Assuming participants did all 3 measures in the same testing session then any
error processes which were sustained across the whole testing session (e.g. a
participant feeling unusually tired or alert on that day etc) would contribute
systematically across all RT measures and thus lead to a degree of correlation of
the error terms.]
Question 9
Topic: Power
(i)
[20% marks]
Changing the type I error rate (alpha) changes power all other things being held
constant. If one moves the critical value line to the right (decreasing alpha, the
area to the right of this line in the H0 distribution) then the area to the right of
this line in the H1 distribution (i.e. power) must also decrease. So to increase
power you can use a more lax (larger) alpha value. (This could be illustrated
with a second diagram.)
(ii)
[10% marks] d = expected mean difference between groups / common standard
deviation
= 2.5/7.5 = 0.33
(iii) [10% marks] 80% or 90% are usual for sample size determinations. Give 0
marks for anyone who mistakenly quotes Cohen’s rules of thumbs for effect
sizes (0.2 small; 0.5 medium; 0.8+ large)
(iv) [10% marks] Change the following line
COMPUTE zalpha=IDF.NORMAL(1-alpha/2,0,1) .

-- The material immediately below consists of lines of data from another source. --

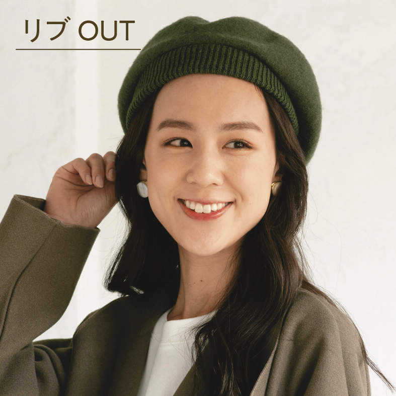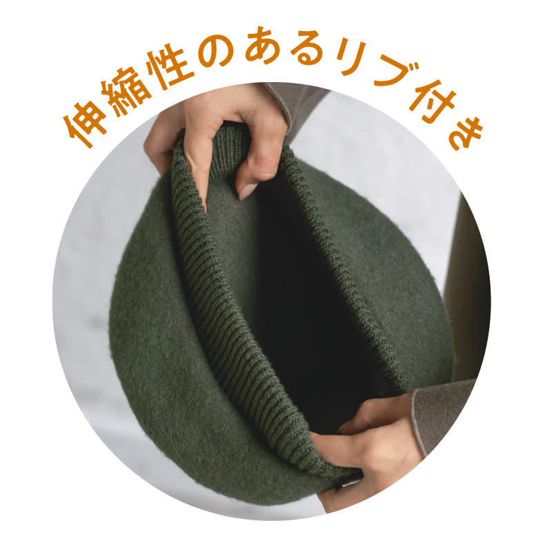伸縮性のあるリブ付でゆったり被れるベレー帽
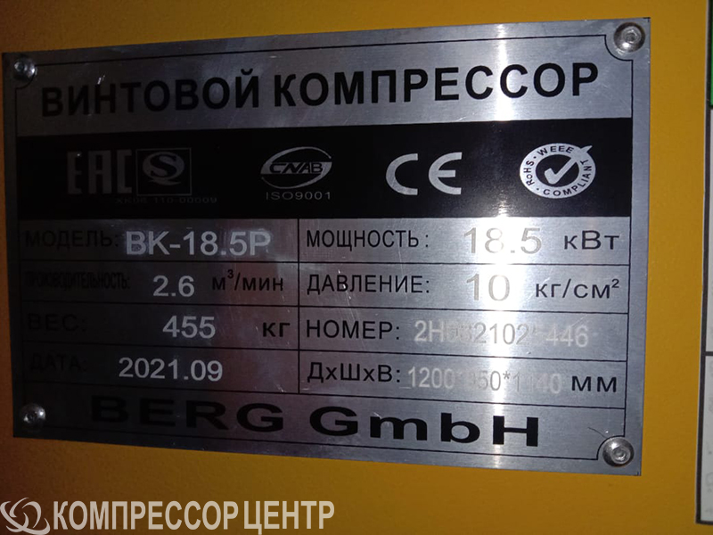 Оборудование: винтовой компрессор "Berg" ВК-18.5Р
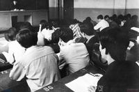 소선거구제 및 민주 총선 쟁취를 위한 국민결의대회에서 연좌시위를 벌이는 사람들
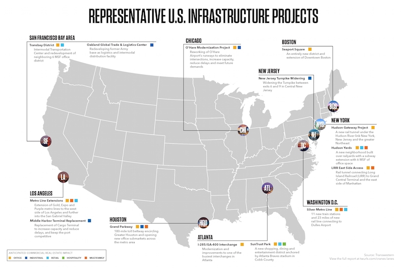 以交通為導向的項目為首的基礎設施投資正在推動美國許多大城市的經濟增長。美國土木工程師學會估計,到2020年,美國需要花費3.6萬億美元才能將該國的基礎設施恢復到足夠的水平。私營房地產公司Transwestern的一份新報告表明,投資基礎設施也可以有利于周邊商業房地產。該報告稱為“起重機和通道”,它確定了九個市場的主要基礎設施項目,并描述了項目如何影響 - 或者可能會影響 - 更大的建筑環境。
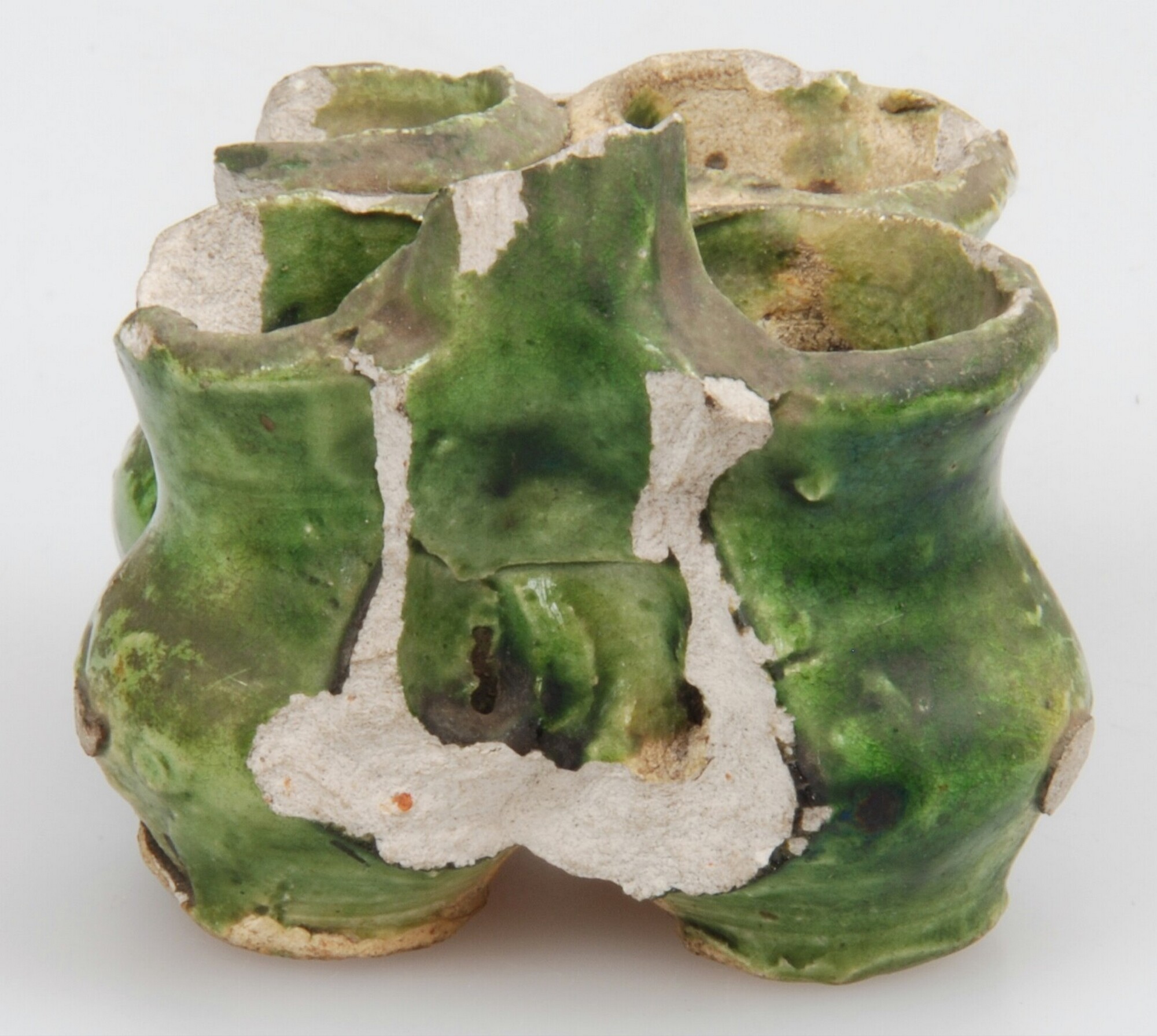 Tafelstel; vier bakjes; witbakkend; loodglazuur met koperoxide; lintoor ontbreekt; productiegebied: Rijnland

to read (1 - alpha,0,1). Give most of the marks for this. For 100% have to explain why
it works. The original syntax converts the upper-tail of a two-tailed critical region
(1-0.025=0.975) to a z-score to use in the calculations. The revised syntax uses a
single tail (at 0.95) to compute the z-value. This makes the z value smaller than that
used in the two-tailed case so (appropriately) reduces the number of subjects required,
all other things being equal -- see 3rd line of syntax.
(v)
[10% marks] You would need more participants in total because power is
maximal for equal sized groups; with unequal groups you reduce power and
therefore need more subjects to detect an effect of a certain size at a certain
power.
(vi) [10% marks] Non-centrality parameter (NCP)
(vii) [20% marks] The NCP is a very simple concept. Under the null hypothesis the
sampling distribution of the mean difference between the two groups would
have an expected value of zero. If the null hypothesis is false then the true mean
difference is non-zero. The NCP is simply the amount by which the sampling
distribution is displaced from the central (zero) value, when the alternative
hypothesis is true. It is therefore intimately linked to the effect size.
The diagram below covers parts (vii) and (viii):-
(viii) [10% marks] see above diagram. As this diagram isn’t really any more than that
in part (i), the answer must place the line for tcrit (and shading for alpha) in
both tails of the distribution here (as a two-tailed test is specifically mentioned).
Give only 50% for 1-tailed shading otherwise correct. Drawings can look like
normal distributions although ideally should note that the distributions are t
distributions (slightly more platykurtic than normal distribution).